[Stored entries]
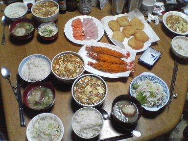 今日は麻婆豆腐などを頂きます。普通の麻婆豆腐・・刺身・・エビフライも頂きます。白身フライ?味噌汁は豆苗といエノキとあぶらげ・・キャベツサラダも頂きます。今日もおいしく頂きました。
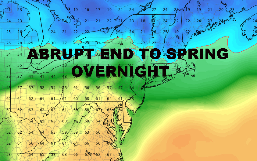 LATE NYC NOVEMBER REPLACES LATE MAY OVERNIGHT – Good morning everyone! We have another beautiful day ahead with warm temps and sunny skies, but it’s all coming to an end quickly as a backdoor cold front strikes one blow, then a sweeping cold from the west finishes the job.
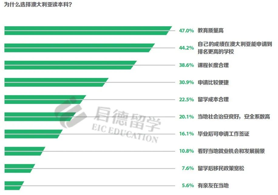 但是高中生升学,不要只盯着国内一条赛道哦,不妨放眼全球,作为主要热门留学国家的澳洲一直以来都是本科留学目的地的优选之一。根据启德教育自有调研数据,排名前四位的赴澳读本科的原因分别为“教育质量”、"自己的成绩在澳大利亚能申请到排名更高的学校”、“课程长度合理”、“申请比较便捷”。
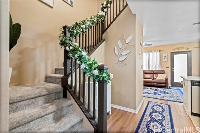 Like a model home. Located in the desirable Hoakalei Resort Community. This beautiful 3-bedroom and 3-full bath town home is a must see. Along with the Kitchen, living and Dining areas, the ground floor also contains 1-bedroom and 1-full bathroom. Nestled between the home and the private enclosed 2-car garage is your secure private yard and covered lanai that creates a relaxing space to enjoy your morning coffee or to unwind at the end of a busy day. Located upstairs is the spacious primary bedroom with its full bath and walk in closet. As a bonus the second upstairs bedroom also has its own adjoining full bathroom. Resort style amenities centered around the private Hoakalei Country Club with the Ernie Els designed golf course and the Ka Makana Swim Club. Monthly taxes are based on 2025 taxed assessed value.
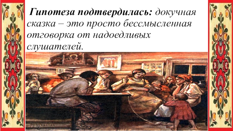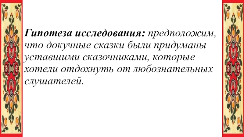 Слайд 3Гипотеза исследования: предположим, что докучные сказки были придуманы уставшими сказочниками, которые
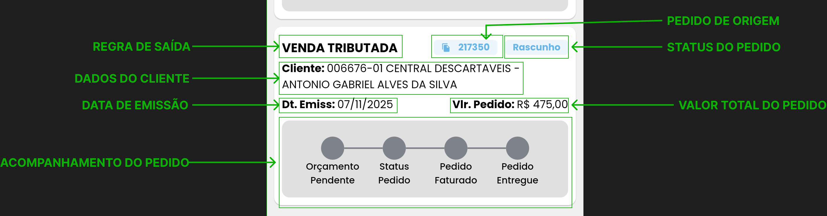 A listagem de pedidos nas duas guias é feita no formato de cards, que contém as seguintes informações:
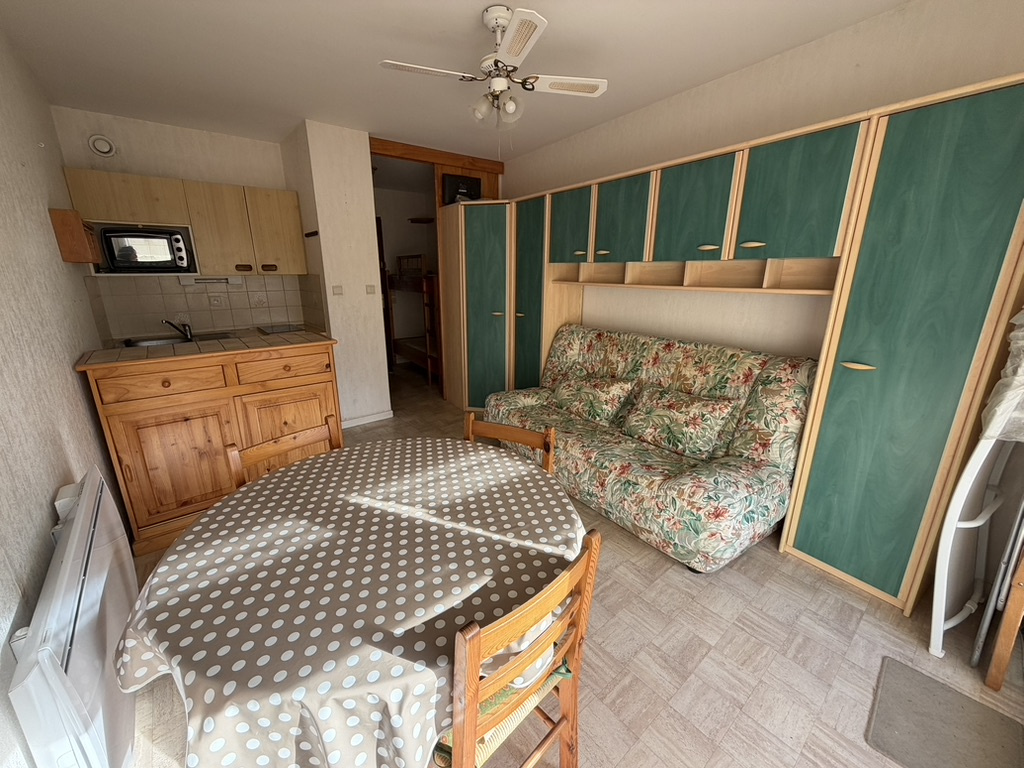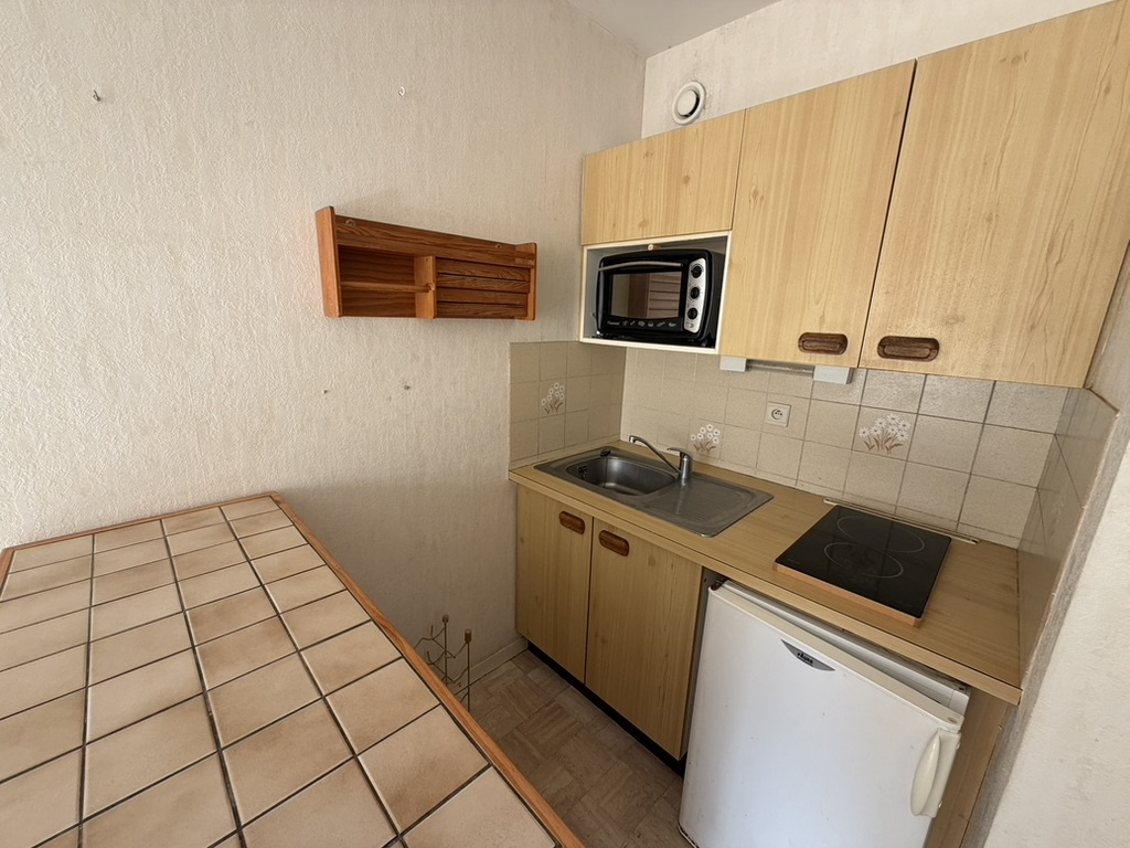 A quelques pas de la PLAGE, très proche arago, au premier étage d'une résidence en bon état, UN APPARTEMENT se composant d'une entrée avec alcôve (couchage enfants), un placard de rangement, un séjour-salon avec cuisinette aménagée, un blacon loggia exposition sud (sans passage de véhicule), salle d'eau avec wc. Résidence bien entretenue. Local vélo accès plain pied. Statut de la copropriété. Prix de vente 145 000 EUR plus 6 000 EUR TTC d'honoraires agence à la charge de l'acquéreur.

**How to complete this task**.
Please retype exactly the lines from the one containing "A listagem de" through the last line of the records, both included, leaving out every picture.

**Solution to the problem**.
 A listagem de pedidos nas duas guias é feita no formato de cards, que contém as seguintes informações:
 A quelques pas de la PLAGE, très proche arago, au premier étage d'une résidence en bon état, UN APPARTEMENT se composant d'une entrée avec alcôve (couchage enfants), un placard de rangement, un séjour-salon avec cuisinette aménagée, un blacon loggia exposition sud (sans passage de véhicule), salle d'eau avec wc. Résidence bien entretenue. Local vélo accès plain pied. Statut de la copropriété. Prix de vente 145 000 EUR plus 6 000 EUR TTC d'honoraires agence à la charge de l'acquéreur.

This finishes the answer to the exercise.